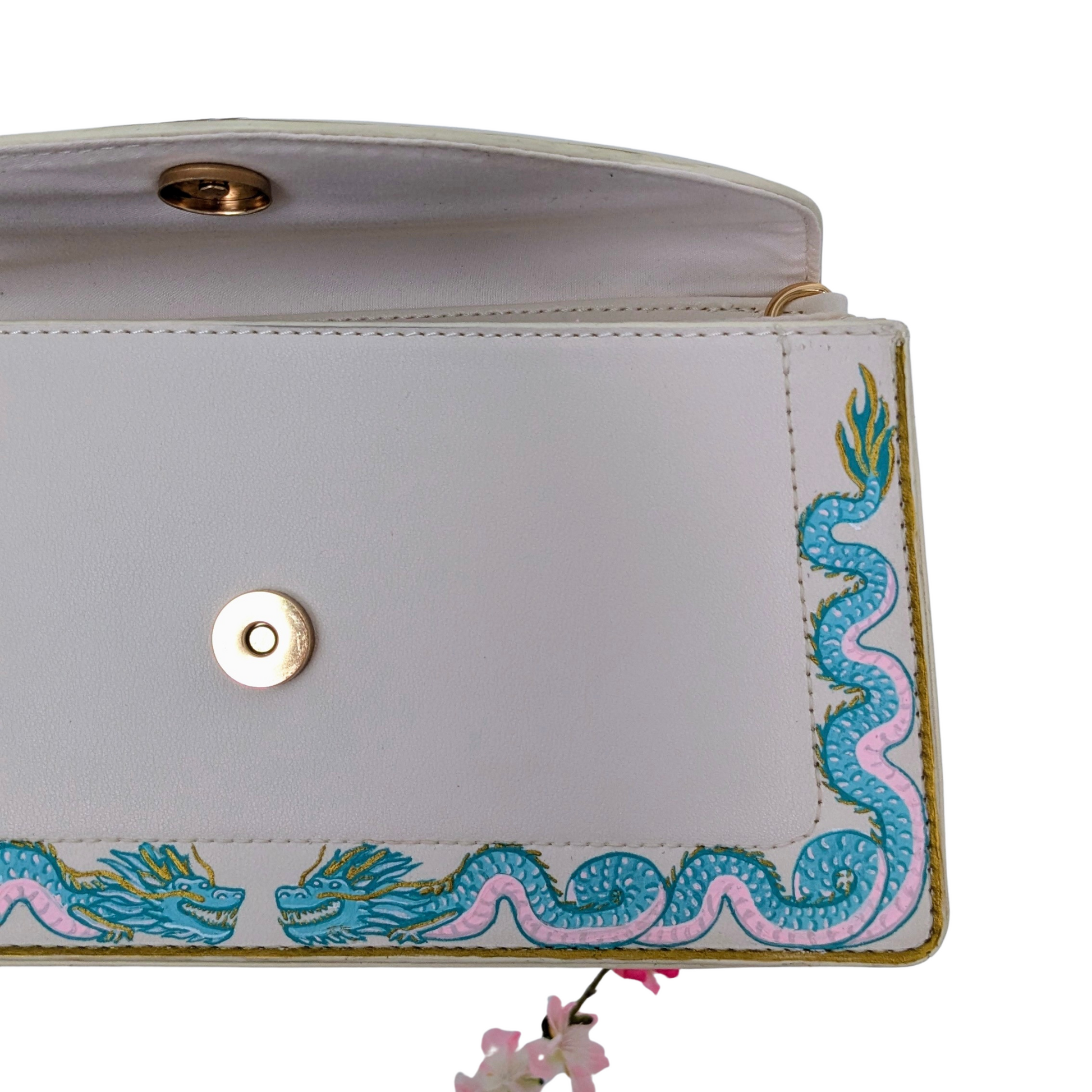 🐉 Sac crème peint à la main – Dragons & flammes Obb Odd
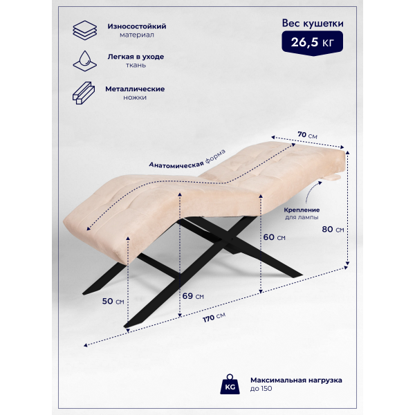 Износостойкая обивка – мягкий велюр с высоким коэффициентом на истирание, приятный на ощупь и легкий в уходе.
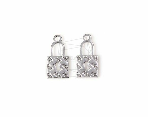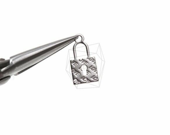 PDT-937-MR/4pcs/Love Letters Lock Pendant/8mm x 16mm/Matte Rhodium Plated Over Brass
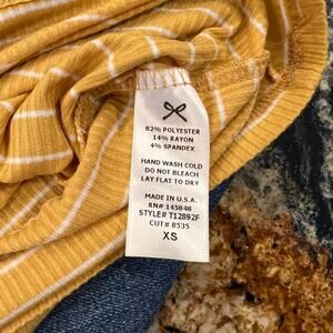 NWT - SIZE XS - This Francesca's Sarah Gold and Cream Striped Long Sleeve Shirt is precious! Ribbed, Long Sleeve with square neck. Color is sunshine - gold and white/cream stripe. 82% Polyester, 14% Rayon and 4% Spandex

## Exercise objective
Leaving every picture out, repeat each line of the material exactly.

## Answer below
 🐉 Sac crème peint à la main – Dragons & flammes Obb Odd
 Износостойкая обивка – мягкий велюр с высоким коэффициентом на истирание, приятный на ощупь и легкий в уходе.
 PDT-937-MR/4pcs/Love Letters Lock Pendant/8mm x 16mm/Matte Rhodium Plated Over Brass
 NWT - SIZE XS - This Francesca's Sarah Gold and Cream Striped Long Sleeve Shirt is precious! Ribbed, Long Sleeve with square neck. Color is sunshine - gold and white/cream stripe. 82% Polyester, 14% Rayon and 4% Spandex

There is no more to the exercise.